- Born: 24 April 1620 London
- Died: 18 April 1674 (aged 53) London

= John Graunt =

British demographer

John Graunt (24 April 1620 – 18 April 1674) has been regarded as the founder of demography. Graunt was one of the first demographers, and perhaps the first epidemiologist, though by profession he was a haberdasher. He was bankrupted later in life by losses suffered during Great Fire of London and the discrimination he faced following his conversion to Catholicism.

==Biography==
Born in London, John Graunt was the eldest of the seven or eight children of Henry and Mary Graunt. Graunt's father was a draper who had moved to London from Hampshire. In February 1641, Graunt married Mary Scott, with whom he had one son (Henry) and three daughters. He became a freeman of the Drapers' Company at age 21.

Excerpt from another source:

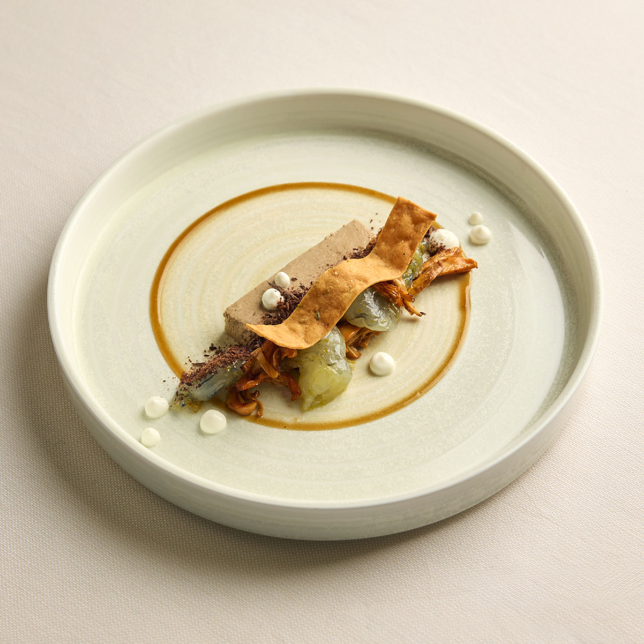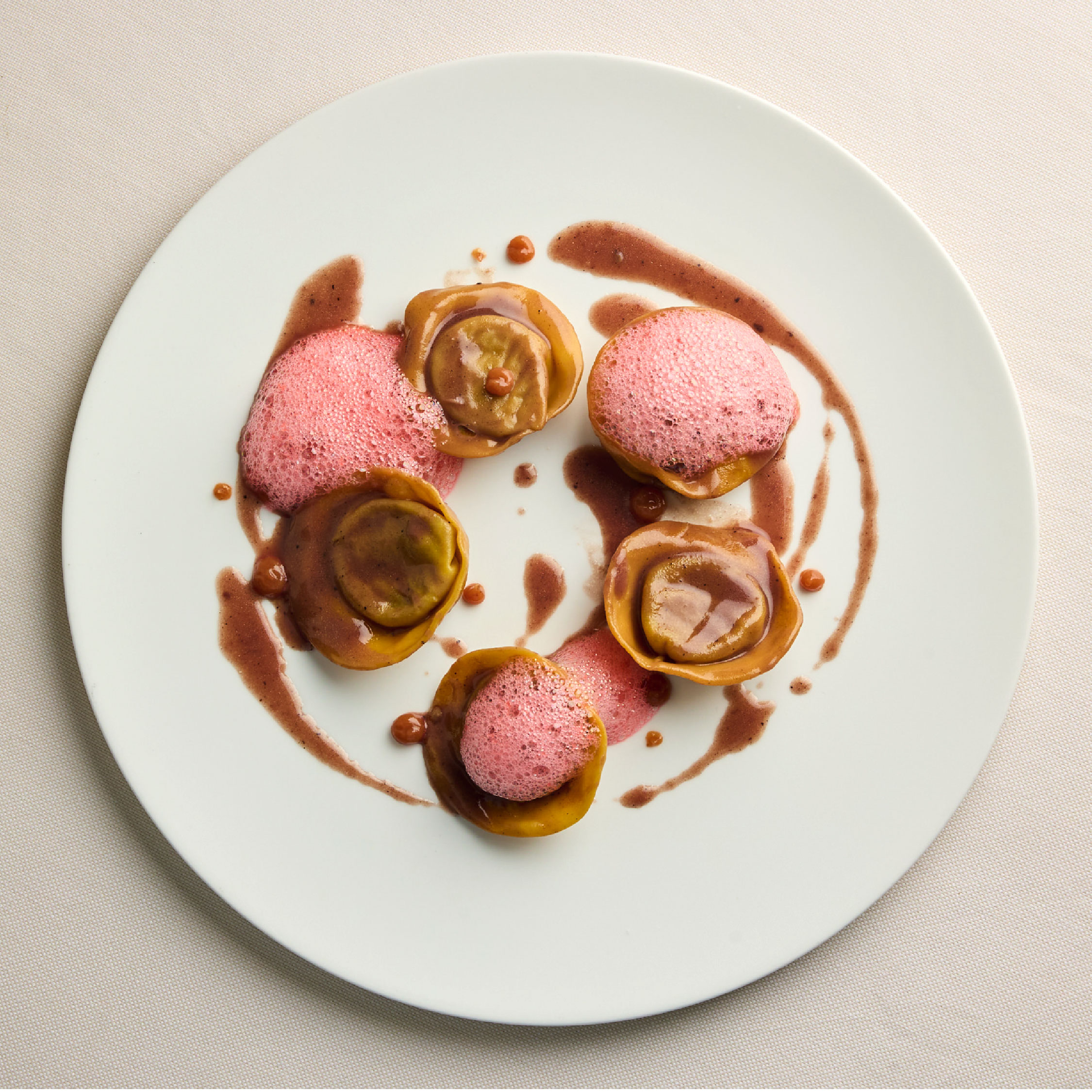 - Raviolo (raviolo ai funghi, jus al negramaro, aria di prugna)

Graunt worked in his father's shop until his father died in 1662, and Graunt became influential in the City. He was able to secure the post of professor of music for his friend William Petty in 1650. He served in various ward offices in Cornhill ward, becoming a common councilman about 1669–71, warden of the Drapers' Company in 1671 and a major in the trained band.

Graunt, along with Sir William Petty, developed early human statistical and census methods that provided a framework for modern demography. He is credited with producing and widely distributing the first life table, giving probabilities of survival to each age. This was remarkable considering the Bills of Mortality did not include age at death, thus Graunt used his knowledge of mathematics to create such a table. Graunt is also considered as one of the first experts in epidemiology, since his famous book was concerned mostly with public health statistics.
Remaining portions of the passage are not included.